A prova tuberculínica consiste na aplicação de uma pequena quantidade de derivado protéico purificado do M. tuberculosis na pele, por meio de uma injeção intradérmica. Esse composto contém proteínas do bacilo da tuberculose e vai estimular uma resposta do sistema imunológico. A ideia é observar a reação do organismo, especificamente o inchaço (induração) que se forma no local da aplicação.

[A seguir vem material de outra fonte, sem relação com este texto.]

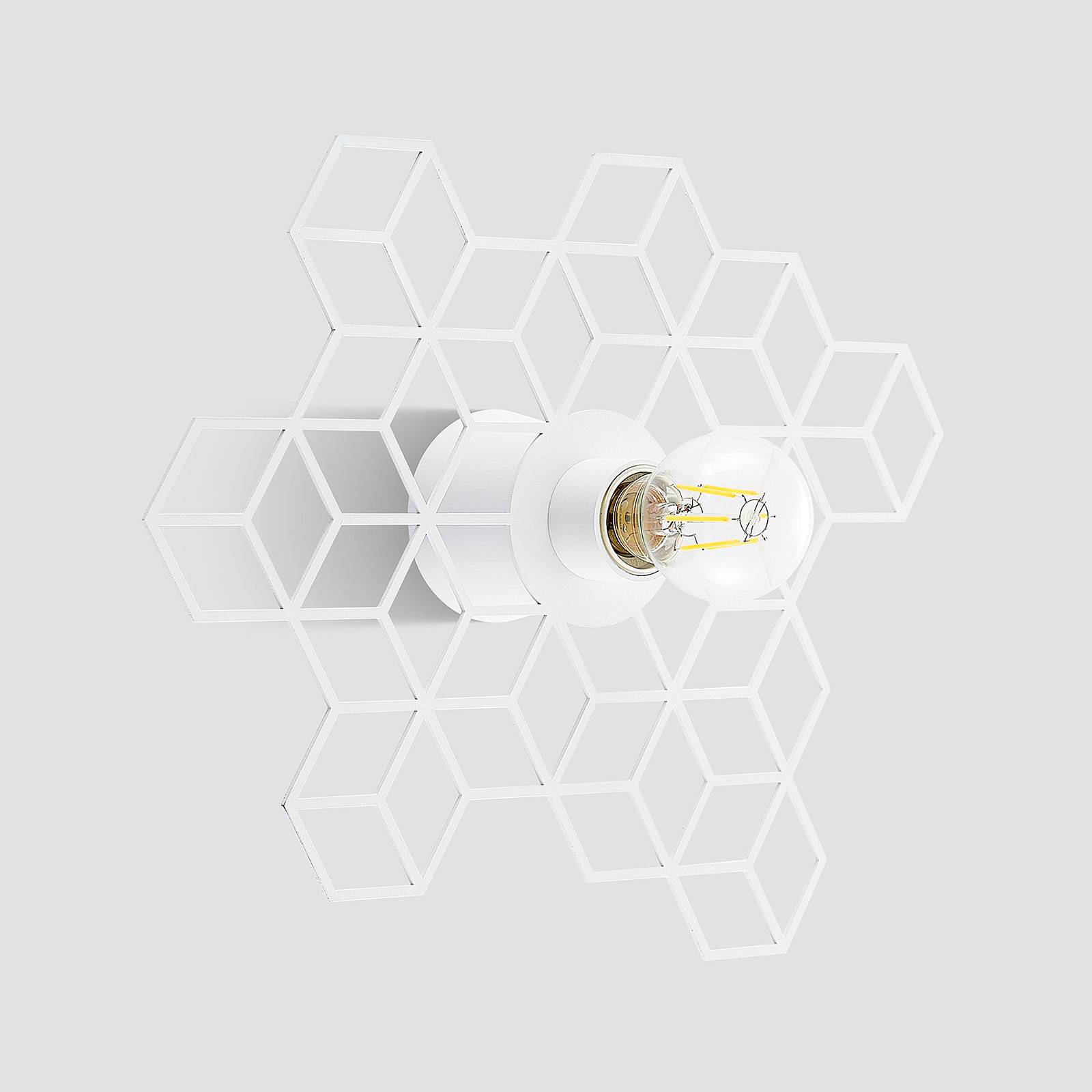 Lampada da parete di design di alta qualità Alexaru in bianco - design a nido d'ape di tendenza per un magico gioco di luce Alexaru è una lampada da parete di incomparabile bellezza con carattere oggettuale, che ha una nobile struttura a nido d'ape, che è composta da rombi o, a seconda della prospettiva, a volte assomiglia alla vista tridimensionale di un cubo, e corrisponde quindi a una tendenza molto alla moda. L'apparecchio appare molto bello quando è spento come oggetto decorativo sulla parete, ma l'effetto wow assoluto arriva esattamente quando la lampada è accesa. La graziosa ma pregiata struttura metallica con le sue omissioni crea un incantevole gioco di luce, dominato da componenti di luce e ombra ben definite, che si riflettono nella forma dell'apparecchio sulla parete retrostante. In questo modo, il look unico di Alexaru conferisce all'appartamento un'atmosfera individuale e molto lussuosa che appare nobile ed elegante. La superficie bianca opaca esercita una piacevole sobrietà e irradia una particolare armonia, che è estremamente gradita in molti salotti e oggetti moderni. Il design complessivo è splendidamente completato in particolare da una lampada con riflessione della testa, preferibilmente con un'efficiente tecnologia LED, perché in questo modo si evita completamente l'abbagliamento e il gioco di ombre ben definito viene ulteriormente valorizzato dall'illuminazione diretta del telaio della lampada. Un linguaggio di design molto bello, dove Midcentury e Loft si incontrano virtualmente! Con solo due viti e tasselli, la lampada da parete Alexaru può essere montata a parete in modo semplice e veloce, dove offrirà un piacere duraturo e diventerà una parte decorativa dell'interno.

- Resultado Positivo: Se houver uma reação maior ou igual a 5 mm de inchaço, o teste é considerado positivo, indicando que a pessoa tem infecção latente. No entanto, isso não significa que a pessoa tem a forma ativa da doença.
- Resultado Negativo: Se não houver reação ou a reação for menor que 5 mm, a infecção latente é improvável, mas isso também não descarta completamente a possibilidade de tuberculose ativa, especialmente em pessoas com sistemas imunológicos muito comprometidos.
Importante: A prova tuberculínica não diagnostica tuberculose ativa
Embora a prova tuberculínica seja útil para detectar ILTB, uma reação positiva sozinha não é suficiente para confirmar o diagnóstico de tuberculose ativa. Ou seja, uma pessoa com uma PT positiva pode estar com infecção latente e não necessariamente com a doença ativa. Portanto, é essencial realizar outros exames, como a radiografia de tórax e uma boa anamnese, para excluir a tuberculose ativa, especialmente se houver sintomas clínicos.
Quando não retestar?
A prova tuberculínica deve ser feita uma única vez para identificar casos de ILTB. Se a pessoa já tiver um histórico de PT com resultado ≥ 5 mm, não é necessário retestar, mesmo que haja uma nova exposição ao bacilo. Isso significa que, após um diagnóstico positivo, a pessoa permanece com a infecção latente registrada e não precisa repetir o teste.
A boa notícia é que, se a ILTB for diagnosticada, há tratamento! O mais comum é o uso de rifampicina e isoniazida, que ajudam a impedir que a infecção se desenvolva para a forma ativa.